Authors are expected to make a reasonable effort in identifying risks that warrant the inclusion of this discussion.
Paper submissions
Authorship
Authors should comprise exactly those individuals who made a significant contribution to the research. Other contributors should be acknowledged upon the acceptance of the paper in the final camera ready submission. The submitting author must ensure that all co-authors have seen and approved the final version of the manuscript and have agreed to its submission for publication.
Originality, citations
The submitted paper is entirely written by the authors of the paper. If the work of others have been used, the work used must be properly cited or quoted. Publications that have significantly influenced the nature of the work must be cited. However, only relevant publications can be cited and self-citation should be kept at minimum.
Dual submissions
The rules concerning dual submissions are described in the call for papers.
Fraud, correctness
Fraudulent or knowingly inaccurate statements are unacceptable, including but not limited to the use of fabricated data. If before the publication of the final version of the paper, an author discovers a significant error or inaccuracy in the submitted paper, the author needs to promptly notify the program chairs (program-chairs@icml.cc) and either retract the paper, or correct it if a correction is feasible.
Conflict of interest
Financial or any other substantive conflict of interest that might be construed to influence the results or interpretation of the manuscript must be disclosed to the program chairs and upon the acceptance of the paper, information pertaining to the conflict must be made available in the final version, including all sources of financial support.

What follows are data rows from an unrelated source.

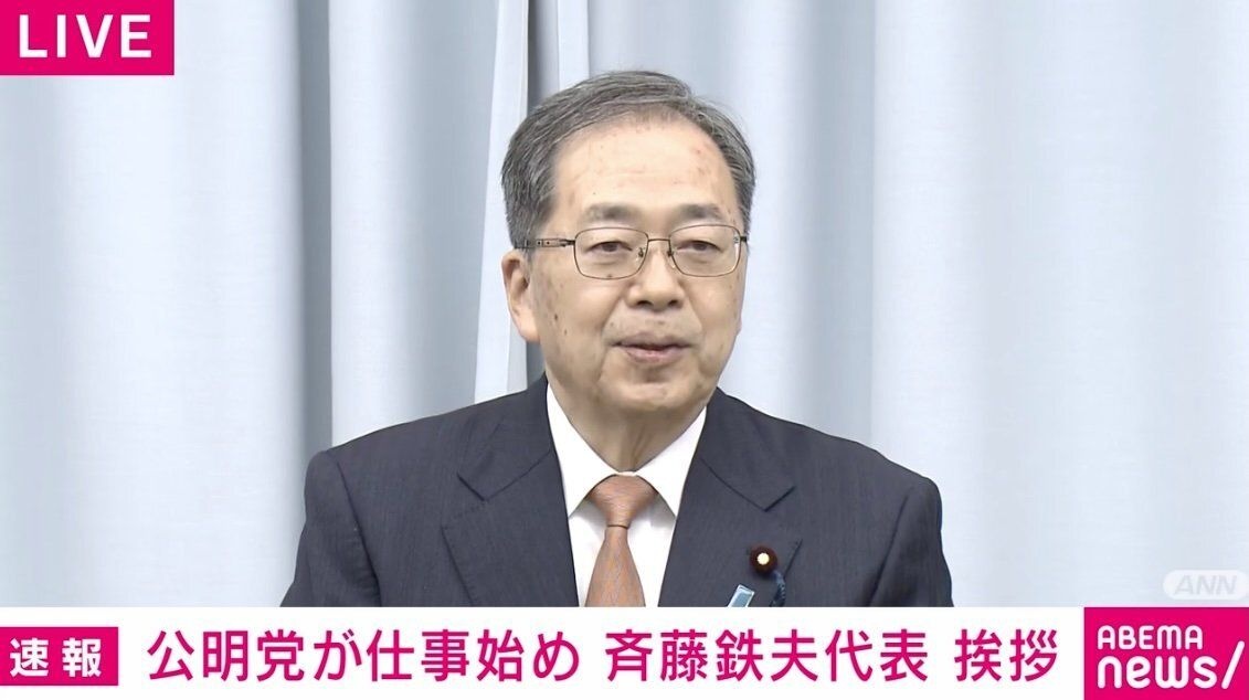 斉藤代表は冒頭「今年は公明党が原点に戻って出発する実質的な1年目の年だと思います。私たちの原点、『大衆とともに』『清潔な政治』に立ち返り、しっかりとした戦いを行っていきたい。そして、衆議院選挙につきましては、いつあるかわからない『常在戦場』、こういう状況でございますので、しっかりと準備も進めていかなければなりません。そして何よりも国会でしっかりとした論戦、国民の皆様から『さすが公明党、原点に返って頑張ってるな』という評価をいただけるような戦いをする年にしていかなくてはならない」と述べた。
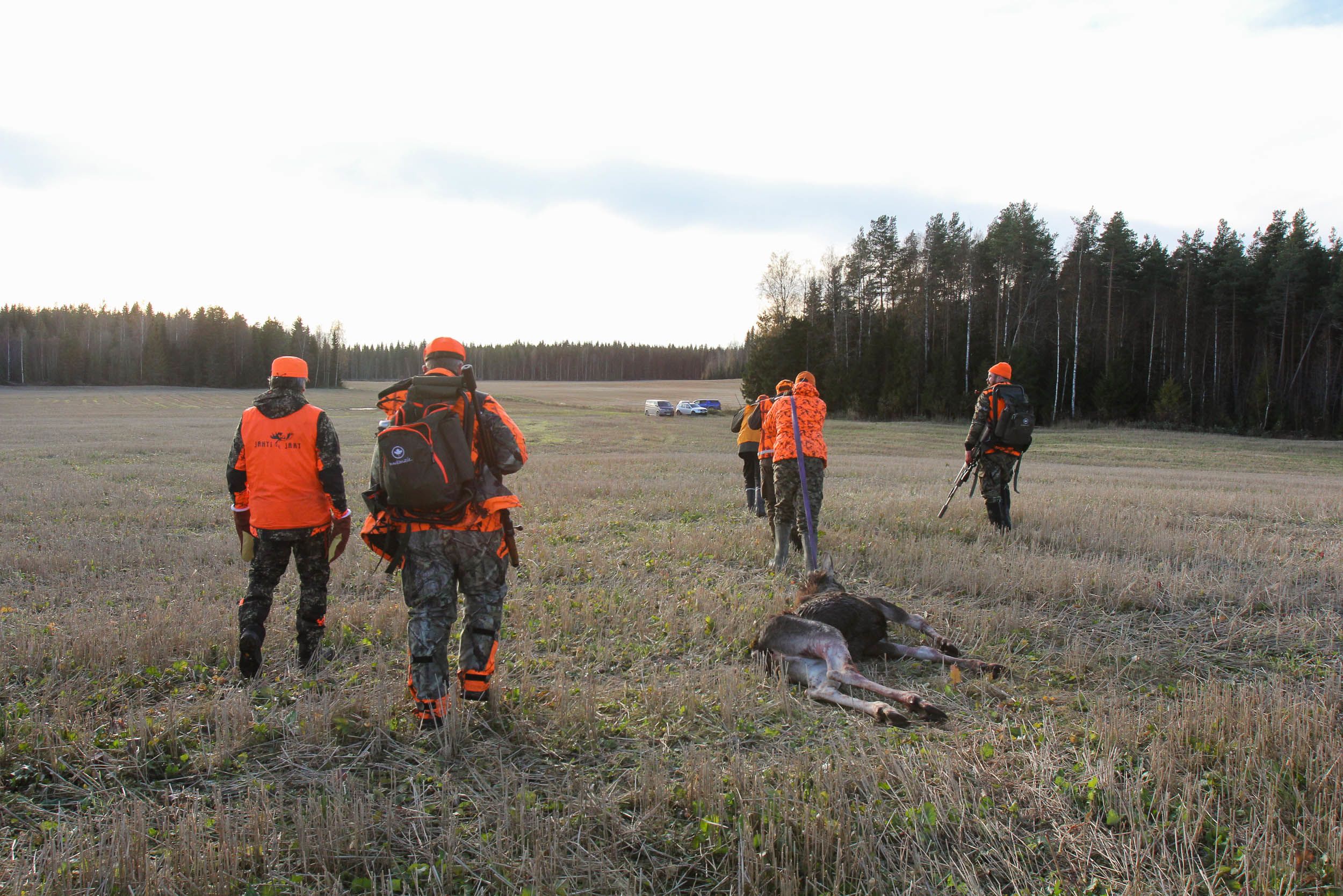 Saavumme majalle juuri ajallaan. Astumme ovesta sisään, ja tupa on täynnä oransseihin vaatteisiin sonnustautuneita miehiä. Ympärillä kuuluu puheensorinaa ja naurun röhähdyksiä. Hirvenmetsästyksellä on maaseudulla merkittävä yhteisöllinen vaikutus. Seinillä näkyy eläinten taljoja ja takassa rätisee tuli.
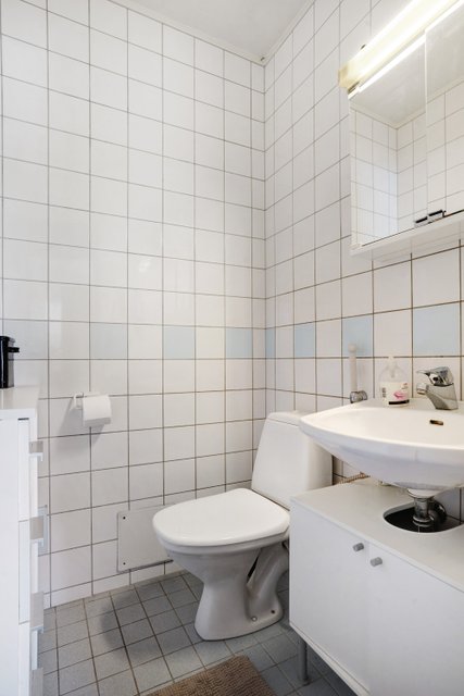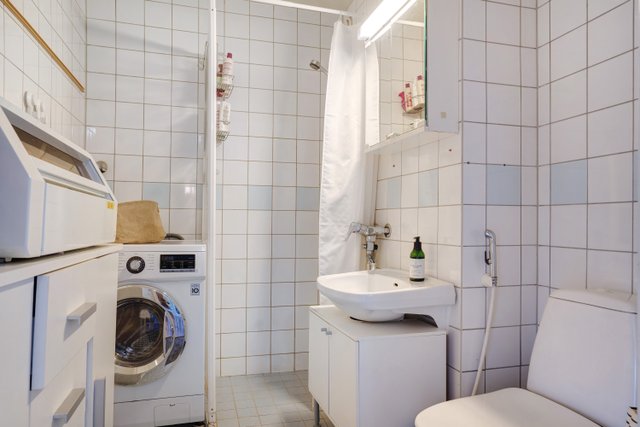 - WC-istuin, suihkuseinä, pesukoneliitäntä, peilikaappi, bidee-suihku, ja pesuallas
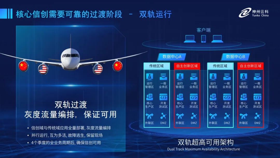 為幫助客戶更好地應(yīng)對數(shù)字經(jīng)濟(jì)時(shí)代對應(yīng)用可持續(xù)性的高要求,實(shí)現(xiàn)信創(chuàng)與數(shù)字化兼得,leyu.樂魚推出了雙軌超高可用架構(gòu)。雙軌超高可用架構(gòu)在雙活數(shù)據(jù)中心的分區(qū)調(diào)度基礎(chǔ)上,增加信創(chuàng)域和非信創(chuàng)域的分域調(diào)度,實(shí)行信創(chuàng)域與傳統(tǒng)域應(yīng)用全量部署,使雙中心運(yùn)營變?yōu)殡p中心四區(qū)域并行運(yùn)行,互為多活,將傳統(tǒng)架構(gòu)變?yōu)榉謪^(qū)分域協(xié)同的多活雙軌超高可用架構(gòu)。幫助客戶在新架構(gòu)下,保障“信創(chuàng)”的同時(shí)解決性能瓶頸,提升穩(wěn)定性,保證應(yīng)用可持續(xù)性,最終實(shí)現(xiàn)信創(chuàng)區(qū)域和非信創(chuàng)區(qū)域的平滑過渡,完成國產(chǎn)化替代目標(biāo)?!?/p>
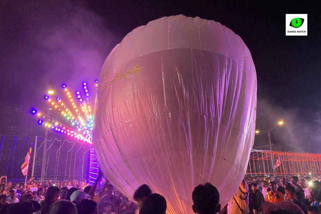 မီးပုံးပျံများတွင် မြတ်စွာဘုရားရုပ်ပုံ၊ ထားဝယ်ဒေသက ထင်ရှားသည့် မီးပုံးပျံ ဦးကျော်ရင် ရုပ်ပုံနှင့် အလှချိတ်မီးပုံးငယ်များ ချိတ်ဆွဲလွှတ်တင်ခဲ့ကြခြင်းဖြစ်သည်။
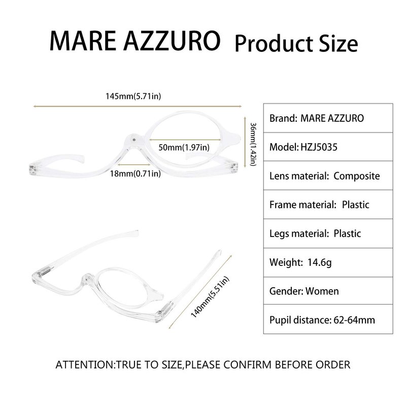 MARE AZZURO Eye Make Up Reading Glasses Women Folding Cosmetic Readers 100 125 150 175 200 225 250 275 300 350 400 500 600 (Transparent, 1.50)

Program committee and reviewers
Aims and goals
The program committee and reviewers must strive to meet the expectations/needs of conference participants, readers and authors; conference participants and readers have expectations/needs of a high quality and intellectually stimulating program, while the authors have expectations/needs of a fair and professional review process.
Confidentiality
All information pertaining to individual submitted manuscripts must be kept confidential. The program committee and reviewers need to protect the author's ideas.
Fairness
All submissions must be evaluated only for their contents: soundness, originality, significance, relevance to ICML and quality of writing/presentation as explained on the review form.
Prudence
PC members and reviewers must bring to the attention of their superiors (meta-reviewers, senior meta-reviewers, program chairs) any information that may be a reason to reject the publication of the submitted paper, such as the violation of these guidelines.
Conflicts
PC members/reviewers must disclose any conflicts of interest to the program chairs. A PC member/reviewer who is conflicted with a paper due to close ties to the authors of the paper cannot participate in deciding the fate of that paper. Program chairs are not exempt to this rule: In case a program chair is conflicted, the non-conflicted program chairs must make the decisions without the involvement of the conflicted program chair.